Results so far:
| Yes | 46% | 252 votes | Total: 546 votes | |
| No | 54% | 294 votes |
I voted YES in this debate because that was what I was taught when I was growing up. Gifts are sacred. They express the giver's love and esteem for the recipient. Disposing of them would cause inexpressible emotional damage. Therefore, they must be cherished forever.
In practical terms, this is ludicrous. It gives other people license to control my life - to fill my living space with things they have chosen instead of things that I have chosen. Since people often choose gifts that they themselves would like to receive, rather than being sensitive to the needs and desires of the intended recipient, this can unleash a horde of SHOULDs.

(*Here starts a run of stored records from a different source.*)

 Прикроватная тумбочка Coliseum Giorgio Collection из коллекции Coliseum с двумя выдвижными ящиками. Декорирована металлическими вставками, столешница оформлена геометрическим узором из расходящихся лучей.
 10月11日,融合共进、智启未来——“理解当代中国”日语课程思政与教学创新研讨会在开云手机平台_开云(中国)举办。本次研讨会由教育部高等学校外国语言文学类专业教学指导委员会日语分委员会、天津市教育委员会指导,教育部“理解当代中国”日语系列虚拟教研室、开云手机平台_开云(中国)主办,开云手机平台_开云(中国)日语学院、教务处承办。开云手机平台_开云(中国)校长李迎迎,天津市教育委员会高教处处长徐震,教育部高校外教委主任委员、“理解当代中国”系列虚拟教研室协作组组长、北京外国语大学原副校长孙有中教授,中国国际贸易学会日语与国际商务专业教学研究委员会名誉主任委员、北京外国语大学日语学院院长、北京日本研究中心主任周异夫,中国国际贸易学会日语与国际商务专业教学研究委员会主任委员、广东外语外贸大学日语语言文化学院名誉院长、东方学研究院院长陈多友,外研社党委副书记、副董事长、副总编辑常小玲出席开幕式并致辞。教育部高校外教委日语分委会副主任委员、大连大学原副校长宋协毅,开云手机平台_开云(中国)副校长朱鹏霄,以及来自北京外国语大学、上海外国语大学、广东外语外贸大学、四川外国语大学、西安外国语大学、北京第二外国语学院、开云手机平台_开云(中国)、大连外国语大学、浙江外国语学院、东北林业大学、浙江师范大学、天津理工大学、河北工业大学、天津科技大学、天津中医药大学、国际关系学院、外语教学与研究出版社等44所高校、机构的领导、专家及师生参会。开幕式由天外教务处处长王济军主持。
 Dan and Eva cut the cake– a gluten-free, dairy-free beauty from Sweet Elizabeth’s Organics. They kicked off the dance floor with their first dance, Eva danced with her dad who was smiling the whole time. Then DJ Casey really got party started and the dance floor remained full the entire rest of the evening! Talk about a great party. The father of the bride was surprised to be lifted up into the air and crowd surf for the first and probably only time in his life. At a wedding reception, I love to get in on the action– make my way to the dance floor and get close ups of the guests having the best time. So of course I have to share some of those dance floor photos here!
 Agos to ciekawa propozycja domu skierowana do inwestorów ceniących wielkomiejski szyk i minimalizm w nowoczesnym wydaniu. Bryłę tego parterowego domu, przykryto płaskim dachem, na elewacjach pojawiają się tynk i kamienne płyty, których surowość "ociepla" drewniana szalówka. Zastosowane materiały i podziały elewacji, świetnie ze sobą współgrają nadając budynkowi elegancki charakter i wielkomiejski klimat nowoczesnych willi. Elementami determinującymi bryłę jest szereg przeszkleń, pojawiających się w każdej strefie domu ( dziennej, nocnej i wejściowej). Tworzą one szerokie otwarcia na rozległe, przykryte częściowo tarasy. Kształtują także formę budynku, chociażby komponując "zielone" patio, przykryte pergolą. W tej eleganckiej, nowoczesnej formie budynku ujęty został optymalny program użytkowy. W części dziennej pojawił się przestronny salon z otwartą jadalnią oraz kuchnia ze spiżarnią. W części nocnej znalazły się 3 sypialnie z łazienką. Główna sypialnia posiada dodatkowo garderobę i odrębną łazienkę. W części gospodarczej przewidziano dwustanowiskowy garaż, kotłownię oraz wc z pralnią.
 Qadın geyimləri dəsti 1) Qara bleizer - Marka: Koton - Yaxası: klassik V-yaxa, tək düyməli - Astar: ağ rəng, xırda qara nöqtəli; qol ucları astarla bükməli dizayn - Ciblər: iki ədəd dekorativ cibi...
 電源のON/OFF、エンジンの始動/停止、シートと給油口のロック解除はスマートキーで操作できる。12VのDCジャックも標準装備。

You should like this. You should be grateful. You should consider yourself lucky. You should realize what a sacrifice I am making.
There are gifts which I will gladly live with. Others are more challenging. Supreme acting skill is required to produce a gracious "thank you", resolutely focusing on the old maxim, "It's the thought that counts."
When I started hearing about people refusing gifts, taking gifts back to the store for exchange, re-gifting gifts, and even selling them, I was shocked. How could they do such a monstrous, callous thing? But I was also envious. Imagine the freedom! If I don't like, need, or want something, down the road it goes.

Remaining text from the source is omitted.